§ 28:9–703. Security interest perfected before July 1, 2001.
(a) A security interest that is enforceable immediately before July 1, 2001 and would have priority over the rights of a person that becomes a lien creditor at that time is a perfected security interest under this article if, on July 1, 2001, the applicable requirements for enforceability and perfection under this article are satisfied without further action.
(b) Except as otherwise provided in § 28:9-705 , if, immediately before July 1, 2001, a security interest is enforceable and would have priority over the rights of a person that becomes a lien creditor at that time, but the applicable requirements for enforceability or perfection under this article are not satisfied on July 1, 2001, the security interest:
(1) Is a perfected security interest for one year after July 1, 2001;
(2) Remains enforceable thereafter only if the security interest becomes enforceable under § 28:9-203 before the year expires; and
(3) Remains perfected thereafter only if the applicable requirements for perfection under this article applies are satisfied before the year expires.
(Oct. 26, 2000, D.C. Law 13-201, § 101, 47 DCR 7576 .)
Section References
This section is referenced in § 28:9-702 .
Uniform Commercial Code Comment
1. Perfected Security Interests Under Former Article 9 and This Article. This section deals with security interests that are perfected (i.e., that are enforceable and have priority over the rights of a lien creditor) under former Article 9 or other applicable law immediately before this Article takes effect. Subsection (a) provides, not surprisingly, that if the security interest would be a perfected security interest under this Article (i.e., if the transaction satisfies this Article’s requirements for enforceability (attachment) and perfection), no further action need be taken for the security interest to be a perfected security interest.

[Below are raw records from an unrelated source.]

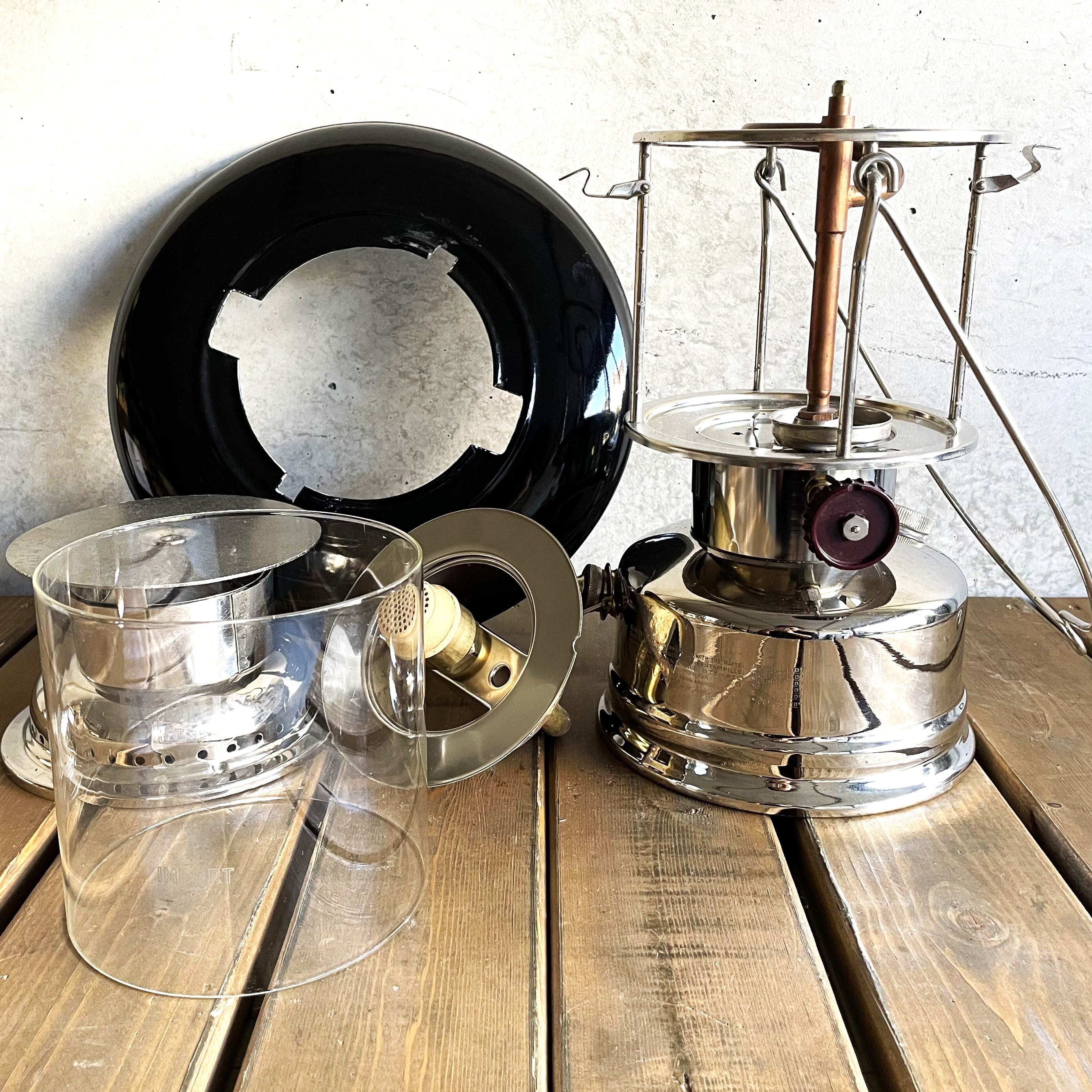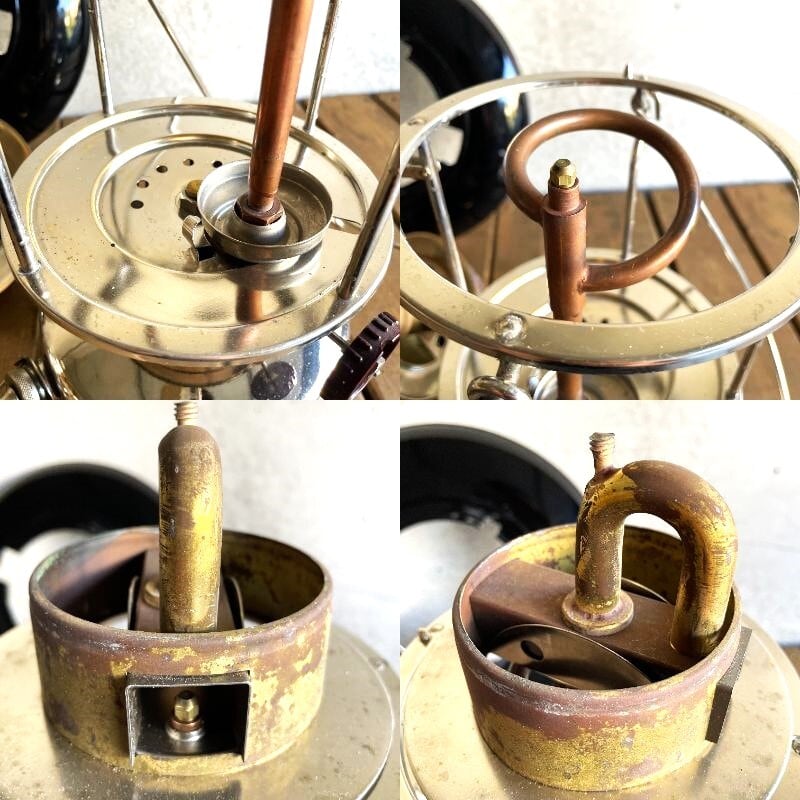 先述の軍用と民間の違いですが、「クックトップ(COOK TOP)」と呼ばれる湯沸かし可能なベンチレーターが軍用、民間は通常の丸みのあるベンチレーター(レッドトップなどと呼ばれます)が特徴です。また当時オプションであった琺瑯製のリフレクターもデッドストックで付属します。その他マントル、純正レンチ、レザーポンプカップ、ゴムパッキンなどメンテナンス関連一式もすべてオリジナルで完備します。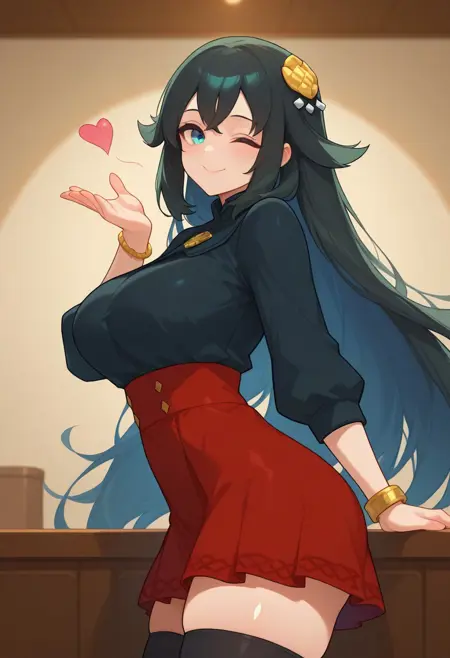 Normal look: black hair, green eyes, sweater dress, white gloves, white thighhighs, hair ornament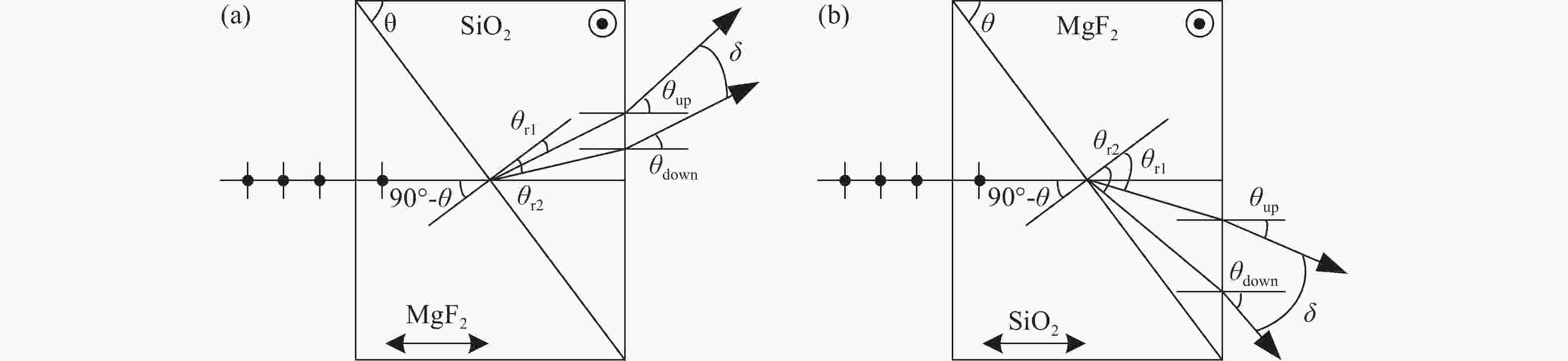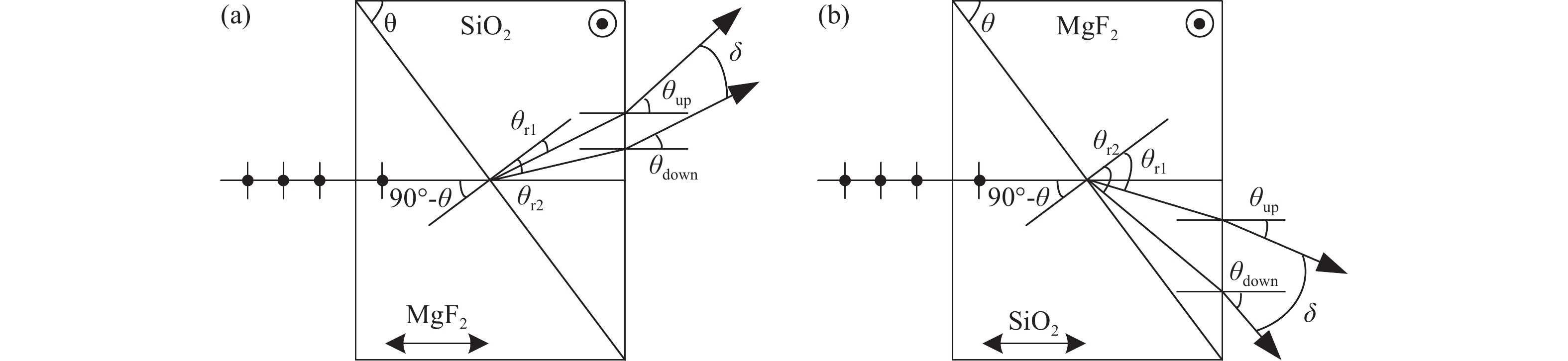Figure 8.  Optical path of the Rochon prism made of two types of positive crystal: (a) magnesium fluoride and quartz; (b) quartz and magnesium fluoride
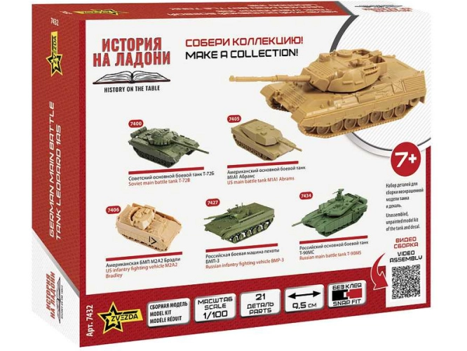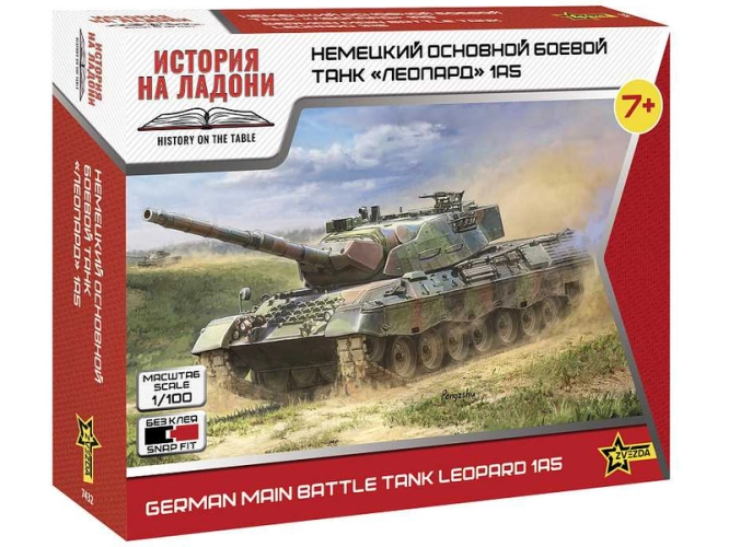 Plastikový model tanku Zvezda 7432 - Leopard 1A5 v měřítku 1:100 ke slepení. Stavebnice obsahuje 21 dílků, délka modelu je 95 mm.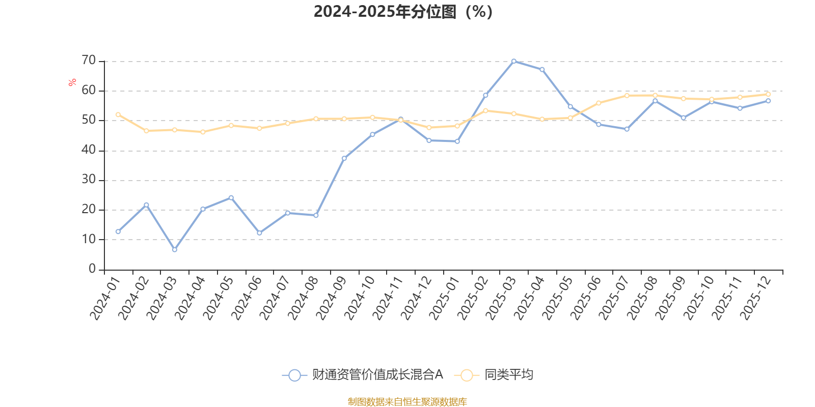 通过所选区间该基金净值增长率分位图,可以观察该基金与同类基金业绩比较情况。图为坐标原点到区间内某时点的净值增长率在同类基金中的分位数。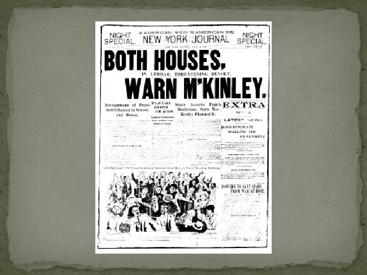 William Mc. Kinley, Jr. (1843 -1901) 25 th President Wanted to avoid war in Cuba Yellow journalism and public supported war In April 1898, President Mc. Kinley abandoned his failed diplomatic efforts and asked Congress for permission to intervene in Cuba.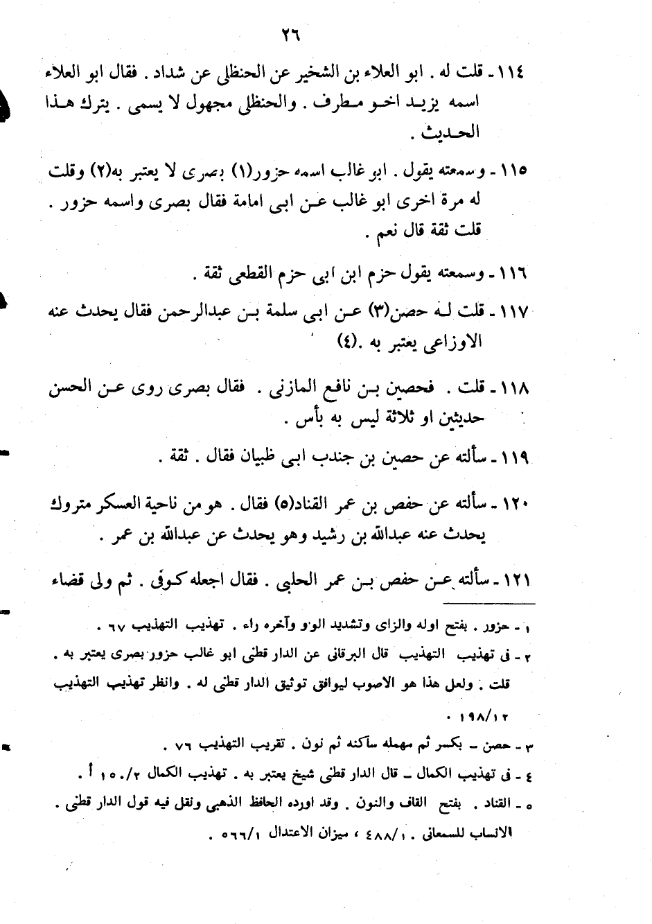 118- قلت: فحصين بن نافع المازني, فقال بصري روى عن الحسن حديثين أو ثلاثة ليس به بأس.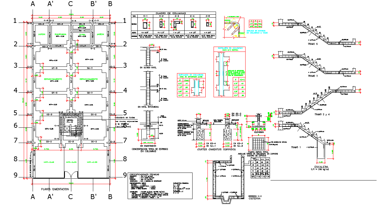 Foundation plan and section layout file, centre line plan detail, dimension detail, naming detail, staircase section detail, reinforcement detail, bolt nut detail, specification detail, table detail, section X-X’ detail, etc.

2. Security Interests Enforceable and Perfected Under Former Article 9 but Unenforceable or Unperfected Under This Article. Subsection (b) deals with security interests that are enforceable and perfected under former Article 9 or other applicable law immediately before this Article takes effect but do not satisfy the requirements for enforceability (attachment) or perfection under this Article. Except as otherwise provided in Section 9-705, these security interests are perfected security interests for one year after the effective date. If the security interest satisfies the requirements for attachment and perfection within that period, the security interest remains perfected thereafter. If the security interest satisfies only the requirements for attachment within that period, the security interest becomes unperfected at the end of the one-year period.
Example 1: A pre-effective-date security agreement in a consumer transaction covers “all securities accounts.” The security interest is properly perfected. The collateral description was adequate under former Article 9 (see former Section 9-115(3)) but is insufficient under this Article (see Section 9-108(e)(2)). Unless the debtor authenticates a new security agreement describing the collateral other than by “type” (or Section 9-203(b)(3) otherwise is satisfied) within the one-year period following the effective date, the security interest becomes unenforceable at the end of that period.
Other examples under former Article 9 or other applicable law that may be effective as attachment or enforceability steps but may be ineffective under this Article include an oral agreement to sell a payment intangible or possession by virtue of a notification to a bailee under former Section 9-305. Neither the oral agreement nor the notification would satisfy the revised Section 9-203 requirements for attachment.
Example 2: A pre-effective-date possessory security interest in instruments is perfected by a bailee’s receipt of notification under former 9-305. The bailee has not, however, acknowledged that it holds for the secured party’s benefit under revised Section 9-313. Unless the bailee authenticates a record acknowledging that it holds for the secured party (or another appropriate perfection step is taken) within the one-year period following the effective date, the security interest becomes unperfected at the end of that period.
3. Interpretation of Pre-Effective-Date Security Agreements. Section 9-102 defines “security agreement” as “an agreement that creates or provides for a security interest.“ Under Section 1-201(3), an ‘’agreement“ is a ‘’bargain of the parties in fact.“ If parties to a pre-effective-date security agreement describe the collateral by using a term defined in former Article 9 in one way and defined in this Article in another way, in most cases it should be presumed that the bargain of the parties contemplated the meaning of the term under former Article 9.
Example 3: A pre-effective-date security agreement covers “all accounts” of a debtor. As defined under former Article 9, an “account” did not include a right to payment for lottery winnings. These rights to payment are “accounts” under this Article, however. The agreement of the parties presumptively created a security interest in “accounts” as defined in former Article 9. A different result might be appropriate, for example, if the security agreement explicitly contemplated future changes in the Article 9 definitions of types of collateral-e.g., “ ‘Accounts’ means ‘accounts’ as defined in the UCC Article 9 of [State X], as that definition may be amended from time to time.“ Whether a different approach is appropriate in any given case depends on the bargain of the parties, as determined by applying ordinary principles of contract construction.